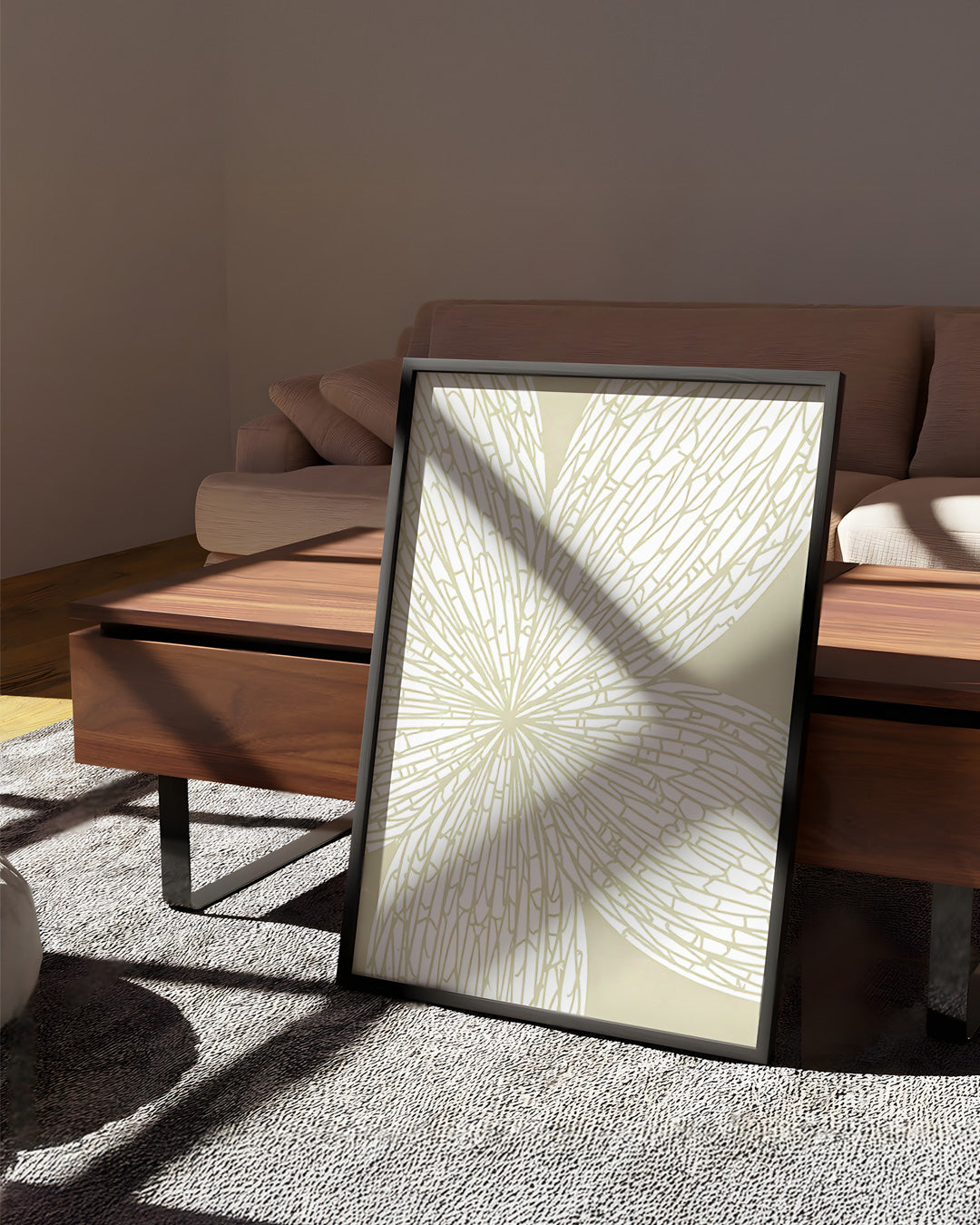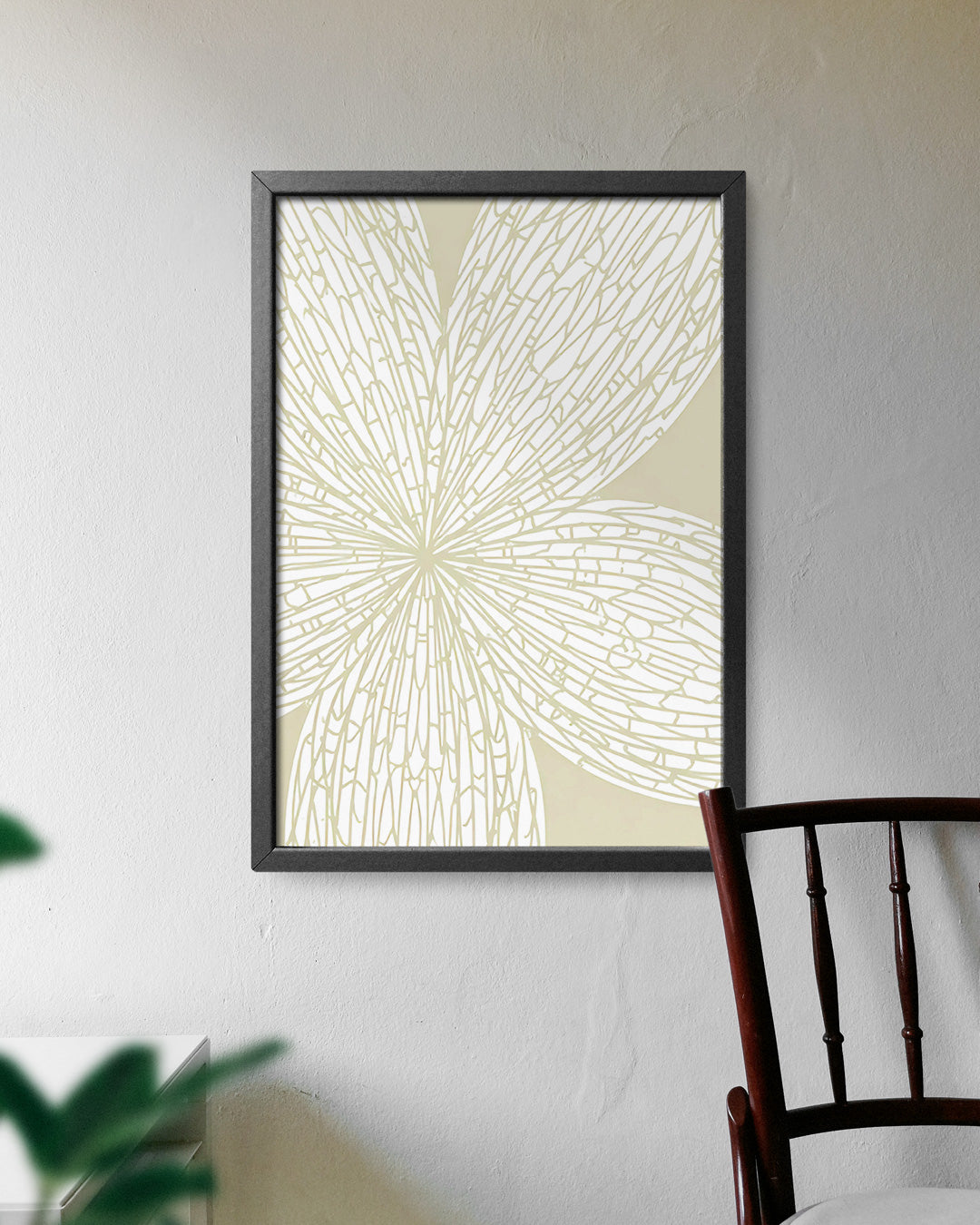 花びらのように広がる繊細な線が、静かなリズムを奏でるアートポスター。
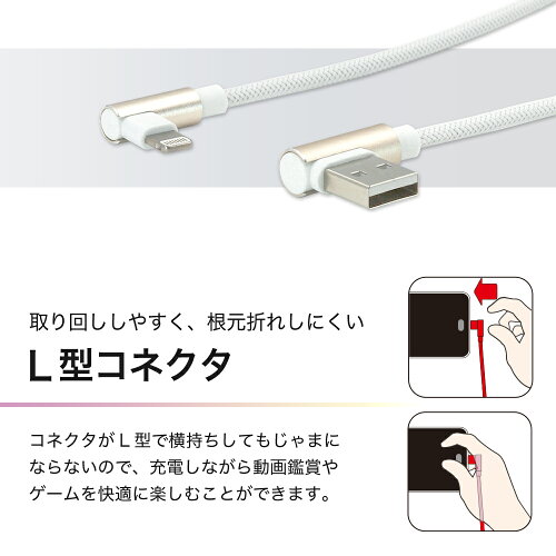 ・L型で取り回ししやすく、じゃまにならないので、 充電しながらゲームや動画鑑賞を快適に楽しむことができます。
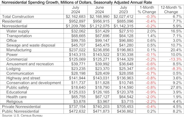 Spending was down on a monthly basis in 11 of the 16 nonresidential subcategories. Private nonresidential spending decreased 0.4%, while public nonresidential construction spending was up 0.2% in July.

◇ ◇ ◇ ◇ ◇ ◇ ◇

**Exercise objective:** Reproduce the whole listing word for word, setting aside any pictures.

**Solved problem:**
 花びらのように広がる繊細な線が、静かなリズムを奏でるアートポスター。
 ・L型で取り回ししやすく、じゃまにならないので、 充電しながらゲームや動画鑑賞を快適に楽しむことができます。
 Spending was down on a monthly basis in 11 of the 16 nonresidential subcategories. Private nonresidential spending decreased 0.4%, while public nonresidential construction spending was up 0.2% in July.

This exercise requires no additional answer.